Но внезапно подсекло и деда. Ушел во сне. Фронтовые ранения скосили. Просто заснул, и все.
Паша тогда 10-й закончил. После выпускного под утро возвращается, а дед не откликается. Паша понял все, а принять не мог. Зовет, тормошит: «Вставай, дед! Воскресенье, рыбалка у нас с тобой…» Молчит дед.
Деда не стало, а Паша все с ним мысленно расстаться не может. Бывает, сделает что да и представит: «А дед бы одобрил?»
В далекие 90-е он с ребятами джинсы на продажу вываривал. На рынке деньги шли потоком. Голова кругом. «Вот бы дед за меня порадовался!»
А ночью ему сон. Стоит дед на рынке, сгорбленный, с клюкой да кулаком ему, Пашке, грозит.
– Что ж ты, спекулянт, такое делаешь, а? Да разве я ради того на фронте головы не жалел, чтобы внук мой сейчас на рынке обносками торговал? Да лучше б я в том танке подбитом остался! Тьфу ты, стыдоба-то какая!
– Деда, сейчас время другое, – мямлил себе под нос Паша.
– Какое такое другое? Спекулянт он и есть спекулянт… Ох, и непутевый же ты у меня, Пашка. На длинный рубль, как лещ на наживку. Когда ж ты у меня повзрослеешь-то?
Невидимая связь
Паша повзрослел. Выучился. Доцент, кандидат наук. Старался. Уж очень ему хотелось, чтоб дед был им доволен. На биофак пошел только из-за дедовой рыбалки. Считай, все детство вместе с дедом на запруде провел. Среди природной тиши и благодати, рядом с речной живностью.
И про облако Паша никогда не забывал, продолжая говорить с дедом. Советовался по любому поводу.
– Дед, тут Сан Саныч меня на диссертацию толкает. Название, знаешь, какое? «Электронное облако», представляешь? Оно из валентных электронов состоит.
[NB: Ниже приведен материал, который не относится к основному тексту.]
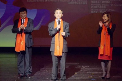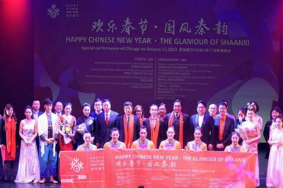 2019年1月17日,驻芝加哥代总领事刘军出席陕西省“欢乐春节·国风秦韵”芝加哥春节慰侨活动。陕西省代表团团长阚开沛、大芝加哥地区华侨华人联合会(华联会)主席郑征、芝加哥侨界代表、文化界人士及当地华侨华人和美国观众近500人观看了演出。

Атомы между собой отталкиваются, а оно, это облако, их в одно целое, в молекулу связывает. Ну прям, как у людей, помнишь, как ты рассказывал? Может, так и доберусь я до твоего облака, а дед?
Паша на биофаке звезда. Лучший на всем пятом курсе. В аспирантуру первый претендент. Точнее, он и Зиночка Цветкова.
– Паш, а почему у твоей диссертации название такое романтичное – «Электронное облако»? – заигрывала Зиночка. Паша интересовал её гораздо больше, чем биология.
– Это потому, Зин, что за этим облаком целый мир огромный. Оно молекулу в равновесии держит. А от нее и клетку живую, и нас с тобой. Чтобы я на тебя сейчас смотреть мог и мороженым из студенческой столовки угощать.
Зина Паше нравилась, легко с ней было, весело. Что-то вроде дедова облака он к ней чувствовал. На выпускном весь вечер вместе танцевали. Пока Сан Саныч в свой кабинет его не позвал. «По поводу аспирантуры, наверное, – обрадовался Паша. – Значит, порядок. Отсрочка от армии железная».
– Паш, тут такое дело, – начал Сан Саныч, – на аспирантуру одна разнарядка только пришла, понимаешь?
– Понимаю, – ничего не понимая, отвечает Паша.
– Я все, что мог, Паш, но у Зины, того, сам знаешь, дядя зав. кафедрой…
– И что?
– В общем, в аспирантуру только Зина попадает.
Дальше Паша Саныча уже не слышал: «Нет, не может быть!» И сейчас он на Зинку даже смотреть не мог. Внутри как будто кто-то чужой поселился. И облако, которое он чувствовал к ней, куда-то пропало?
– Что ж это такое, дед? Это куда же твое облако растворилось, будто и не было его вовсе?
Связи не обрываются
Служить Паша попал в Бурятскую АССР, на границу с Монголией. Незадолго до отъезда Зина нашла Пашу в подсобке у Сан Саныча.
– Не уходи в армию, Паш. Давай отчислюсь я из аспирантуры этой. Твое это место, не мое. Понимаешь, родители меня все время со степенью прессуют, а по мне, так гори оно все. Только из-за тебя тогда на аспирантуру заявку и подала. Не уходи в армию, Паш. Оставайся!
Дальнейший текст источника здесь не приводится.